SIR BOB GELDOF: There
was never a moment that I thought it wasn't going to work. There
possibly was a moment where I thought it wouldn't happen. If it
happened, it was going to work. And Sting and Bono weren't the
Sting and Bono of today. Sting was my absolute contemporary.
Bono was like my little brother. You know, still is. I mean, he
doesn't think I'm his big brother, but sort of, you know I have
that, because since we've been friends for 25 years, and he used
to come to the Rats when we were in Dublin. I actually didn't
want him on the stage, 'cause his haircut at the time was so
appalling, you know, but, hey...
ANDREW
DENTON: A mullet you could see from Mars.
SIR BOB GELDOF: It
was, yeah. King Mullet. There was no question of it. I think
Live Aid was one of the things that made everyone see what an
exceptional band this was. But it wasn't ever supposed to be
about music, and they took it in that sense, which possibly
explains why the music is deathless. I know these bands, and
their performances, are at another level altogether. Some of
them, frankly, are not capable of the performance they gave on
that day, and probably haven't superseded it since, but for
whatever reason there was this communal sense of possibility.
ANDREW
DENTON: Yes.
SIR BOB GELDOF: And
as I said, pop music suddenly became the lingua franca, and I
think that elevated it, and all those things were why it worked.

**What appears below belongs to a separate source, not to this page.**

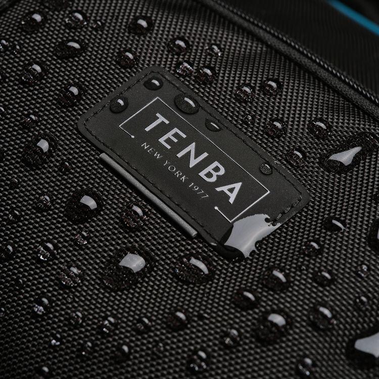 The 18L Cineluxe V2 Shoulder Bag 16 in black from Tenba accommodates compact mirrorless, DSLR, or cinema cameras up to 14.5" long, plus assembled accessories. It features a doctor bag-style opening down the middle for easy access to stored gear and maintaining the bag's footprint when opened. Upgrades to the V2 design include a hidden AirTag tracker pocket, MOLLE webbing on the exterior, lockable zippers, and a reversible rain cover to protect your gear from the elements.
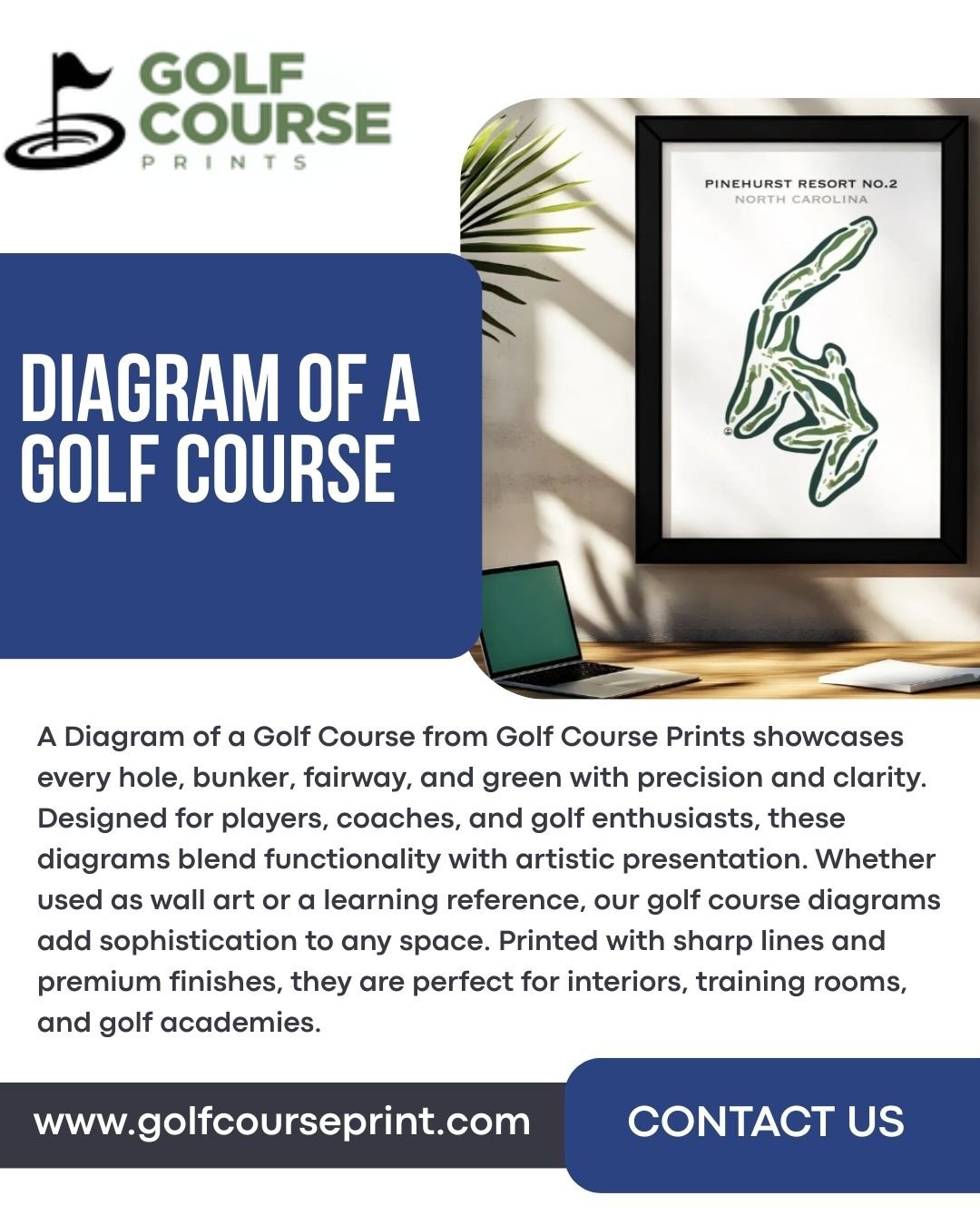 A Diagram of a Golf Course from Golf Course Prints showcases every hole, bunker, fairway, and green with precision and clarity. Designed for players, coaches, and golf enthusiasts, these diagrams blend functionality with artistic presentation. Whether used as wall art or a learning reference, our golf course diagrams add sophistication to any space. Printed with sharp lines and premium finishes, they are perfect for interiors, training rooms, and golf academies.

I could never have predicted that, leading up to it. I had no
sense of the romantic, or no sense of the giganticism that it
was. It was only when I walked out on stage with my band, the
band I was in, as the pop singer in that band, that I got it.
And it pulled me up sharp.
ANDREW
DENTON: Oh, I can imagine - one and a half million
people. Did you, when you walked out, knowing that this audience
was there - I think there was that moment, during "I Don't
Like Mondays", where you just raised your fist.
SIR BOB GELDOF: Yeah,
I did, because, I'd just been told - Billy Connolly came out and
he'd been handed the statistics. 98 per cent of the available
television sets in the world were on this thing. I'd just been
told that, so I did walk out with that sense that there's
someone in Vladivostok, there's someone in Tierra del Fuego,
there's someone in Shanghai or whatever watching this now. Here.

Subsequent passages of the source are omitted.